**Work to complete:**
For every record below, repeat the text exactly and pass over any image.

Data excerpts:
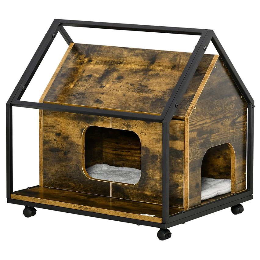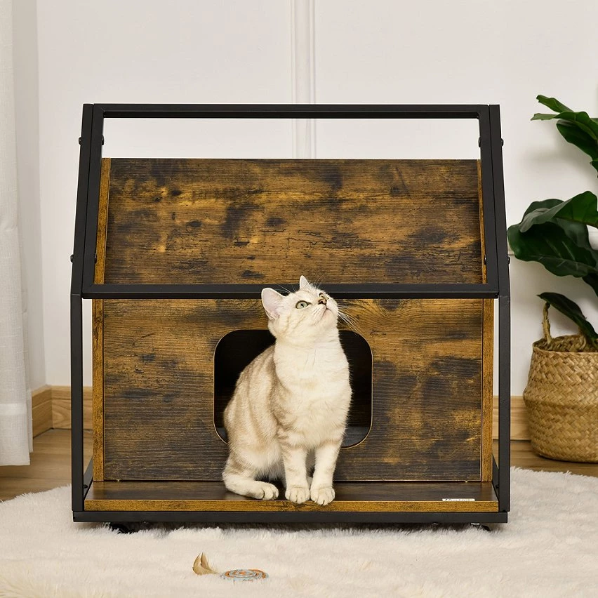 – Maisonnette chat design industriel mélant avec élégance le métal (châssis) et le bois (maison, terrasse en panneaux de particules aspect bois vieilli avec veinage)
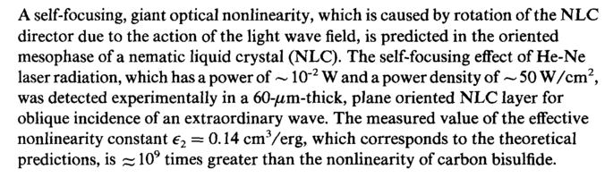 A self-focusing, giant optical nonlinearity, which is caused by rotation of the NLC director due to the action of the light wave field, is predicted in the oriented mesophase of a nematic liquid crystal (NLC). The self-focusing effect of He-Ne laser radiation, which has a power of —10"2 W and a power density of ~ 50 W/cm2, was detected experimentally in a 60-/^m-thick, plane oriented NLC layer for oblique incidence of an extraordinary wave. The measured value of the effective nonlinearity constant e2 = 0.14 cmVerg, which corresponds to the theoretical predictions, is ~ 109 times greater than the nonlinearity of carbon bisulfide.
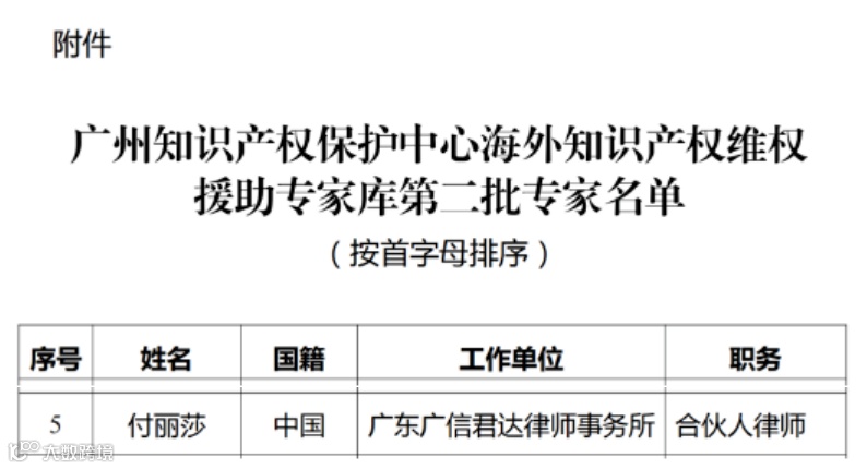 简讯 | 广信君达合伙人付丽莎律师入选广州知识产权保护中心海外知识产权维权援助专家库
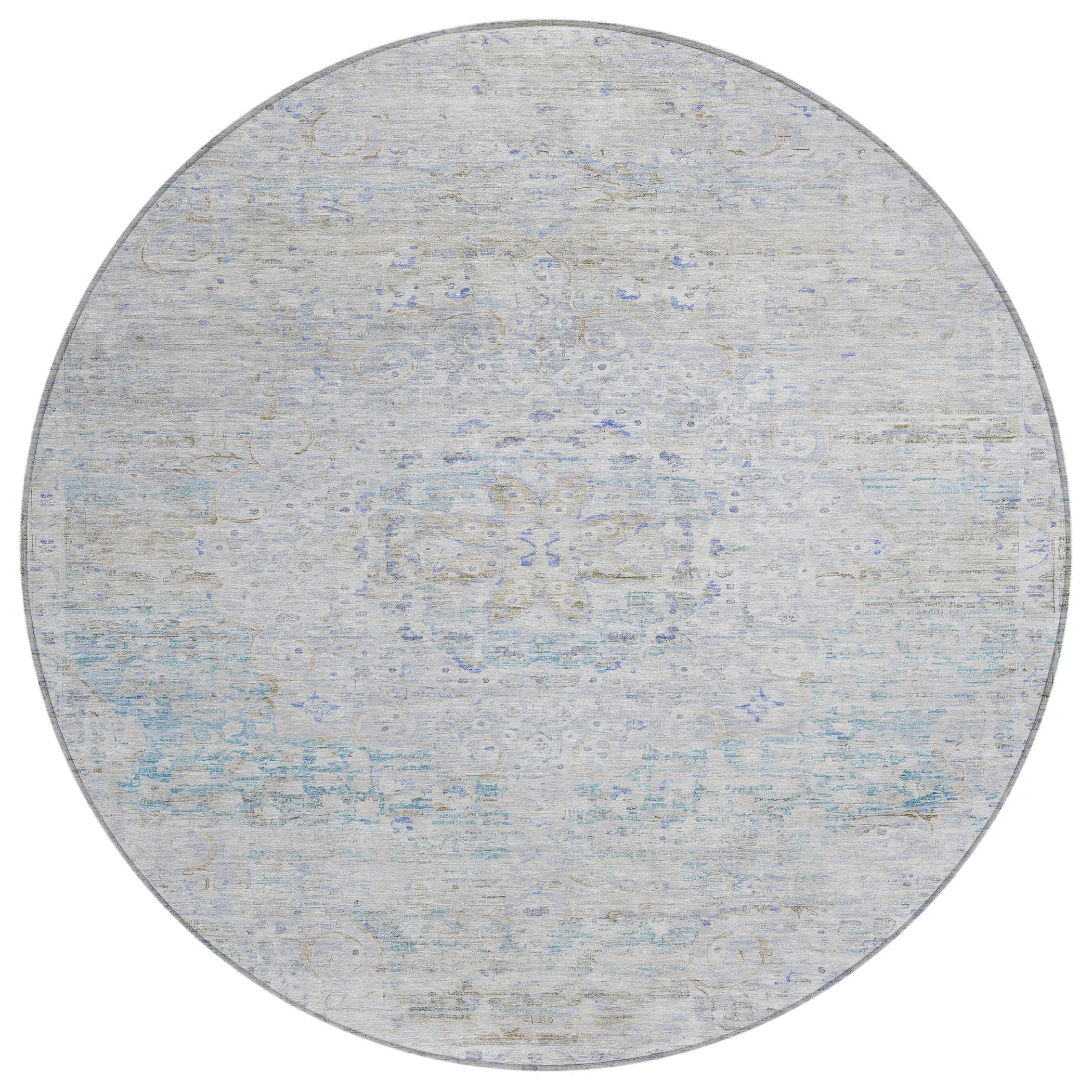 Featuring a center medallion and a vintage distressed border, this traditional rug exudes timeless elegance with its classic design. The detailed medallion and aged border create a refined look that complements various decor styles with a touch of historical charm. UV stabilized for long-lasting use, this rug is suited for both indoor and outdoor environments, preserving its sophisticated appearance over time. The ultra-thin profile ensures easy integration under furniture, and it’s machine-washable for hassle-free care. Family and pet-friendly, this rug combines traditional beauty with modern functionality.
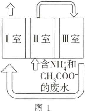 12 D 该装置为原电池,由图2知,Ⅰ室和Ⅲ室电极上$NO_{3}^{-}$、$O_{2}$分别被还原为$N_{2}$、$H_{2}O$,电极为正极,即阴极,则Ⅰ室和Ⅲ室为阴极室;Ⅱ室电极上$CH_{3}COO^{-}$被氧化为$CO_{2}$,电极为负极,Ⅱ室为阳极室[电化学中发生还原反应的一极为阴极,发生氧化反应的一极为阳极,即原电池中负极也称为阳极,正极也称为阴极],A项正确。Ⅱ室中电极反应式为$CH_{3}COO^{-}+2H_{2}O - 8e^{-}=2CO_{2}+7H^{+}$,Ⅲ室电极反应式为$O_{2}+4H^{+}+4e^{-}=2H_{2}O$,Ⅱ室产生$H^{+}$,Ⅲ室消耗$H^{+}$,故离子交换膜为阳离子交换膜,B项正确。由图1知,Ⅲ室中废液转移到Ⅰ室中,Ⅰ室中$NO_{3}^{-}$被还原为$N_{2}$,可知在Ⅲ室中$NH_{4}^{+}$转化为了$NO_{3}^{-}$,故Ⅲ室中还会发生反应$NH_{4}^{+}+2O_{2}=NO_{3}^{-}+2H^{+}+H_{2}O$,C项正确。Ⅰ室中电极反应式为$2NO_{3}^{-}+12H^{+}+10e^{-}=N_{2}\uparrow+6H_{2}O$,每生成3.5 g即0.125 mol $N_{2}$转移1.25 mol电子,消耗0.25 mol $NO_{3}^{-}$;根据电子转移守恒,可知Ⅲ室中阴极同样转移1.25 mol电子,Ⅲ室电极反应式为$O_{2}+4H^{+}+4e^{-}=2H_{2}O$,则消耗$O_{2}$的物质的量为0.312 5 mol,Ⅲ室中还发生反应$NH_{4}^{+}+2O_{2}=NO_{3}^{-}+2H^{+}+H_{2}O$,则每生成0.25 mol $NO_{3}^{-}$消耗0.5 mol $O_{2}$,理论上需要消耗$O_{2}$:0.312 5 mol + 0.5 mol = 0.812 5 mol,即26 g,D项错误。
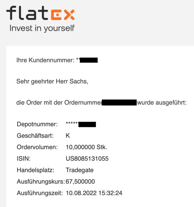 Hier der Kauf bei Flatex…
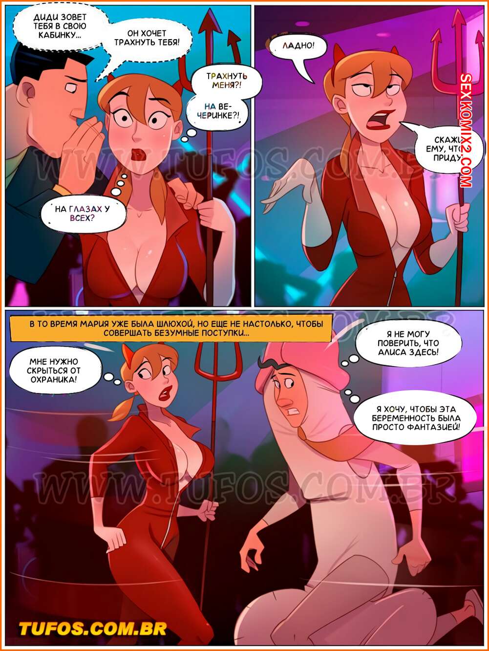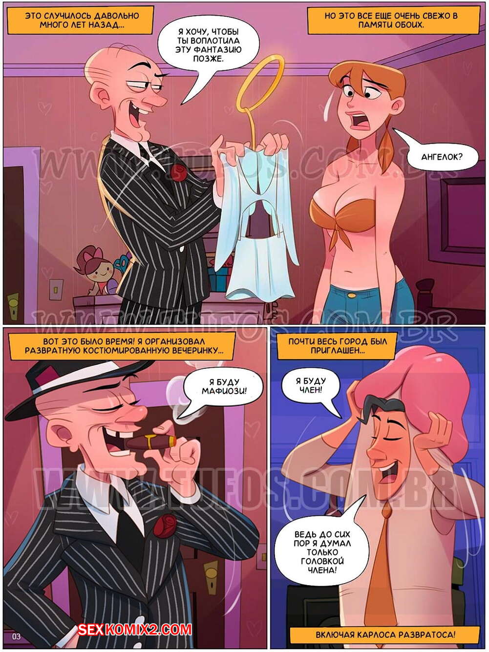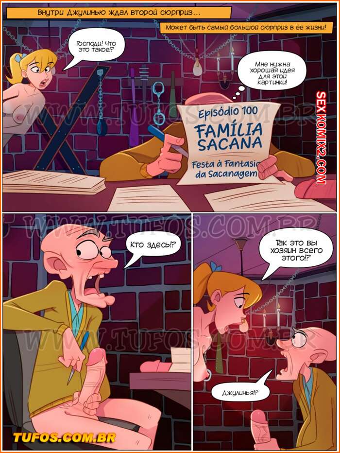 Порно комикс Похотливая семейка. Часть 100 Распутная костюмированная вечеринка. Tufos. Юбилейный выпуск комикса про знаменитую семейку из Бразилии, насчитывает 50 страниц. Всё семейство готовится к костюмированной вечеринке.
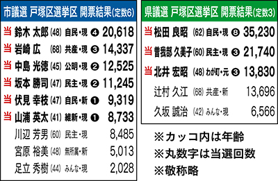 第18回統一地方選挙の横浜市議・神奈川県議選挙が4月12日投開票で行われ、戸塚区では市議6氏、県議3氏が決定した。トップ当選はそれぞれ自民党の鈴木太郎氏(48歳/4期)・松田良昭氏(62歳/8期)。
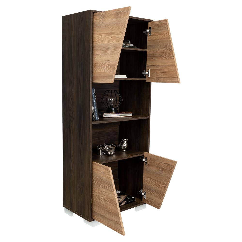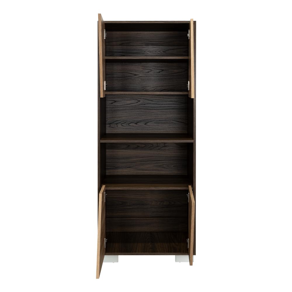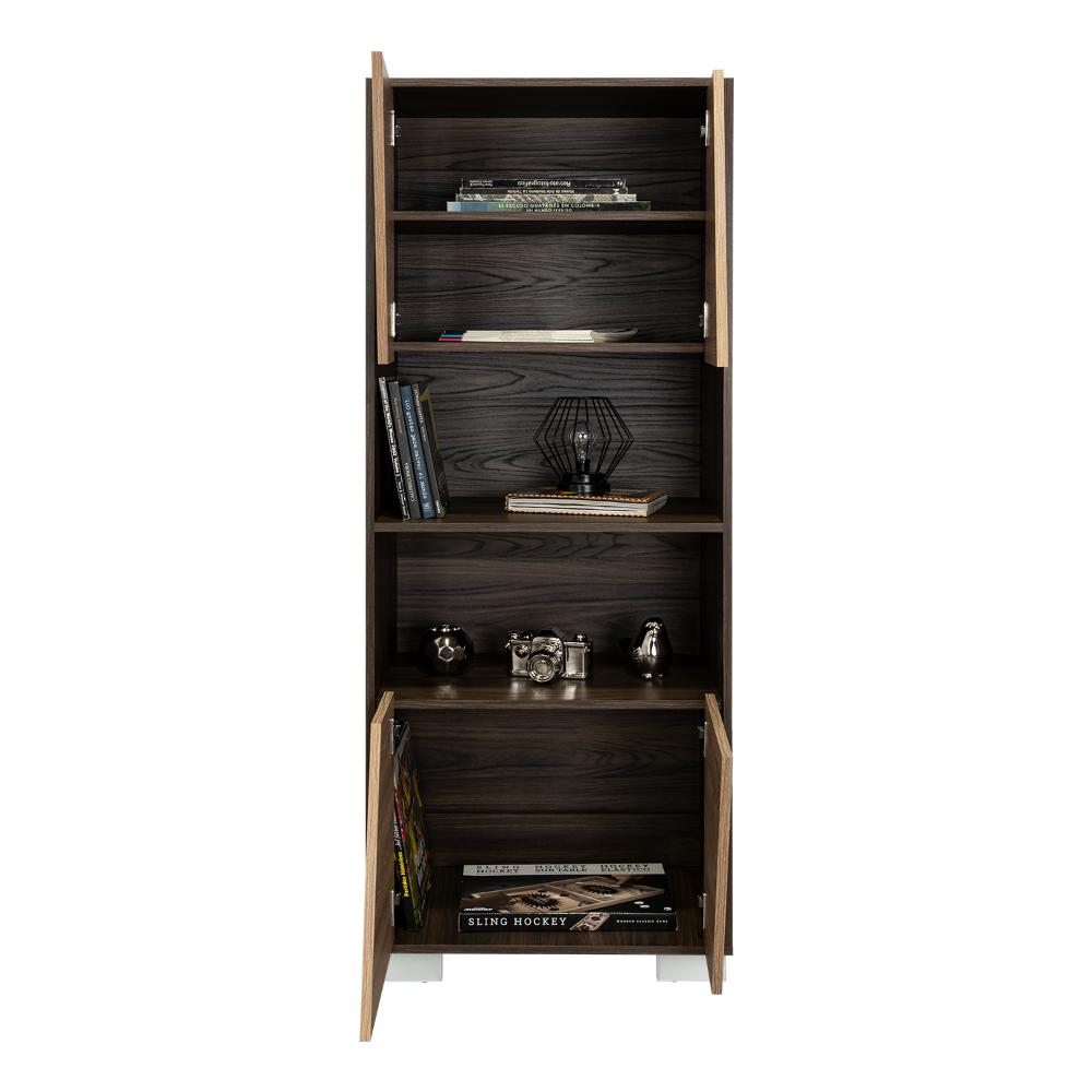 Biblioteca, con 4 puertas batientes, 5 entrepaños para ubicar objetos y patas metálicas.

**Exercise output:**
 – Maisonnette chat design industriel mélant avec élégance le métal (châssis) et le bois (maison, terrasse en panneaux de particules aspect bois vieilli avec veinage)
 A self-focusing, giant optical nonlinearity, which is caused by rotation of the NLC director due to the action of the light wave field, is predicted in the oriented mesophase of a nematic liquid crystal (NLC). The self-focusing effect of He-Ne laser radiation, which has a power of —10"2 W and a power density of ~ 50 W/cm2, was detected experimentally in a 60-/^m-thick, plane oriented NLC layer for oblique incidence of an extraordinary wave. The measured value of the effective nonlinearity constant e2 = 0.14 cmVerg, which corresponds to the theoretical predictions, is ~ 109 times greater than the nonlinearity of carbon bisulfide.
 简讯 | 广信君达合伙人付丽莎律师入选广州知识产权保护中心海外知识产权维权援助专家库
 Featuring a center medallion and a vintage distressed border, this traditional rug exudes timeless elegance with its classic design. The detailed medallion and aged border create a refined look that complements various decor styles with a touch of historical charm. UV stabilized for long-lasting use, this rug is suited for both indoor and outdoor environments, preserving its sophisticated appearance over time. The ultra-thin profile ensures easy integration under furniture, and it’s machine-washable for hassle-free care. Family and pet-friendly, this rug combines traditional beauty with modern functionality.
 12 D 该装置为原电池,由图2知,Ⅰ室和Ⅲ室电极上$NO_{3}^{-}$、$O_{2}$分别被还原为$N_{2}$、$H_{2}O$,电极为正极,即阴极,则Ⅰ室和Ⅲ室为阴极室;Ⅱ室电极上$CH_{3}COO^{-}$被氧化为$CO_{2}$,电极为负极,Ⅱ室为阳极室[电化学中发生还原反应的一极为阴极,发生氧化反应的一极为阳极,即原电池中负极也称为阳极,正极也称为阴极],A项正确。Ⅱ室中电极反应式为$CH_{3}COO^{-}+2H_{2}O - 8e^{-}=2CO_{2}+7H^{+}$,Ⅲ室电极反应式为$O_{2}+4H^{+}+4e^{-}=2H_{2}O$,Ⅱ室产生$H^{+}$,Ⅲ室消耗$H^{+}$,故离子交换膜为阳离子交换膜,B项正确。由图1知,Ⅲ室中废液转移到Ⅰ室中,Ⅰ室中$NO_{3}^{-}$被还原为$N_{2}$,可知在Ⅲ室中$NH_{4}^{+}$转化为了$NO_{3}^{-}$,故Ⅲ室中还会发生反应$NH_{4}^{+}+2O_{2}=NO_{3}^{-}+2H^{+}+H_{2}O$,C项正确。Ⅰ室中电极反应式为$2NO_{3}^{-}+12H^{+}+10e^{-}=N_{2}\uparrow+6H_{2}O$,每生成3.5 g即0.125 mol $N_{2}$转移1.25 mol电子,消耗0.25 mol $NO_{3}^{-}$;根据电子转移守恒,可知Ⅲ室中阴极同样转移1.25 mol电子,Ⅲ室电极反应式为$O_{2}+4H^{+}+4e^{-}=2H_{2}O$,则消耗$O_{2}$的物质的量为0.312 5 mol,Ⅲ室中还发生反应$NH_{4}^{+}+2O_{2}=NO_{3}^{-}+2H^{+}+H_{2}O$,则每生成0.25 mol $NO_{3}^{-}$消耗0.5 mol $O_{2}$,理论上需要消耗$O_{2}$:0.312 5 mol + 0.5 mol = 0.812 5 mol,即26 g,D项错误。
 Hier der Kauf bei Flatex…
 Порно комикс Похотливая семейка. Часть 100 Распутная костюмированная вечеринка. Tufos. Юбилейный выпуск комикса про знаменитую семейку из Бразилии, насчитывает 50 страниц. Всё семейство готовится к костюмированной вечеринке.
 第18回統一地方選挙の横浜市議・神奈川県議選挙が4月12日投開票で行われ、戸塚区では市議6氏、県議3氏が決定した。トップ当選はそれぞれ自民党の鈴木太郎氏(48歳/4期)・松田良昭氏(62歳/8期)。
 Biblioteca, con 4 puertas batientes, 5 entrepaños para ubicar objetos y patas metálicas.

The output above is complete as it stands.